Though one can appreciate what James was trying to do for African people and tradition, especially given the context in which this work was written, this is a book wrought with historical inaccuracies, sketchy dating, dubious referencing, and philosophical misunderstandings. [...] James claims that Democritus did not write those books commonly attributed to him. Instead, he came to possess them from Anaxarchus, who had brought them back from the Egyptian Library, a library
sacked and looted during Alexander's conquest of Egypt (a campaign that Anaxarchus was a part of). The author’s claim here is altogether historically erroneous. Democritus was born eighty or so years before Anaxarchus and would have been dead forty years before Anaxarchus’ return to Ionia.
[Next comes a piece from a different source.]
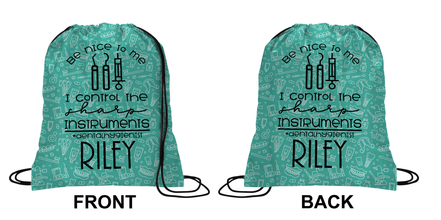 For the foreground, we used a fun quote that says "Be nice to me, I control sharp instruments #dental hygienist"Dental Hygienists bring the sparkle". We chose to personalize it with a name underneath. We used black for our color. You can customize the graphics, the colors as well as the personalization. Enjoy customizing it to make it yours.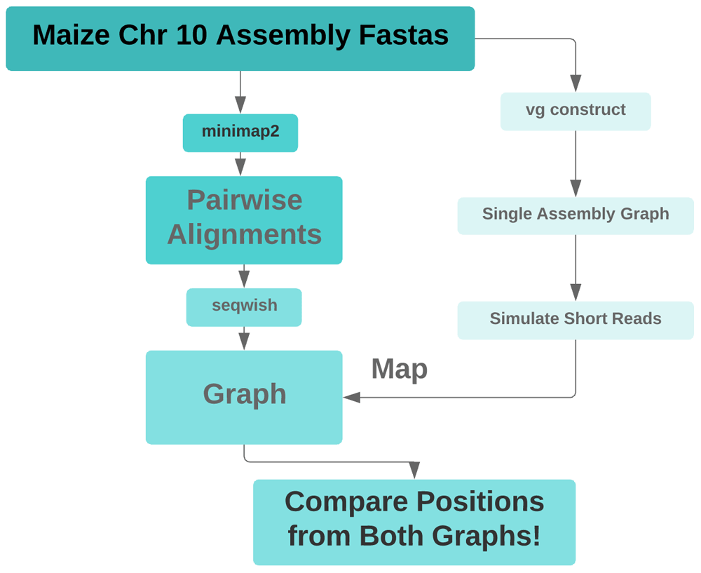 After constructing graphs with vg construct and with minimap2 and seqwish, we sought to simulate reads from the vg construct graph, align them to the minimap2/seqwish graph with our faster, better short read mapper with hit chaining, and then to evaluate the mapper’s accuracy based on the simulated reads’ original and realigned positions along corresponding positional paths in the two graphs.

Similar cases of (glaring) historical negligence are rife throughout James’ book.

In the 1990s, classics professor Mary Lefkowitz emerged as a prominent critic of Afrocentrism and of James. Her critique of Stolen Legacy showed that the book tries to look scholarly but is ultimately a pseudohistory that is disingenuous and extremely tendentious in its conclusions. Lefkowitz makes the following arguments:
- Ancient Egypt was racially mixed (and therefore its cultural legacy does not represent an inherently "black" or "African" contribution).
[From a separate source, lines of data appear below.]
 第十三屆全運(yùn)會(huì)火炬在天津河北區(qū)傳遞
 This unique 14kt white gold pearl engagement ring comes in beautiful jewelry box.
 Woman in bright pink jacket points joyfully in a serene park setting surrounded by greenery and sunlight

- Stolen Legacy is unscholarly, relying heavily on repetition of claims about Alexander's "theft" of Egyptian material, and lacking precise footnoting.
- Alexandria was founded after Alexander's conquest of Egypt and never integrated into Egyptian society, and the Library of Alexandria was built still later; therefore, it contained no repository of Egyptian culture for the immigrant Greeks to steal.
- James misrepresents his masonic sources, who in discussing the "Egyptian mysteries" actually mean Greco-Roman mysteries operating in Egypt, and cites other outdated sources on Egypt that do not take modern scholarship into account. ("Thus most ironically," she writes, "the 'Egyptian Mystery System' described by James is not African, but essentially Greek, and in its details, specifically European.")
- The Egyptian writings (notably the Hermetic Corpus) that James presents as predecessors to Greek philosophy were composed in the Hellenistic period.
- Similarities found by ancient writers between Greek and Egyptian deities do not imply Egyptian origin. Egyptian philosophy does not include a doctrine of transmigration of souls. Other purported connections in mathematics, science, and philosophy are also insubstantial.
- The great philosophers Socrates and Aristotle are not said to have traveled to Egypt.

The book received positive responses by Afrocentrist authors despite the harsh criticism by historians and other scholars. Afrocentrist author William Leo Hansberry wrote in support of the book's key premises, including its conclusion that the Greeks stole the knowledge of the Egyptians.Stolen Legacy has strongly influenced the Afrocentric school of history, including leading exponents such as Asa Hillaird, Yosef Ben-Jochannan and Molefi Kete Asante.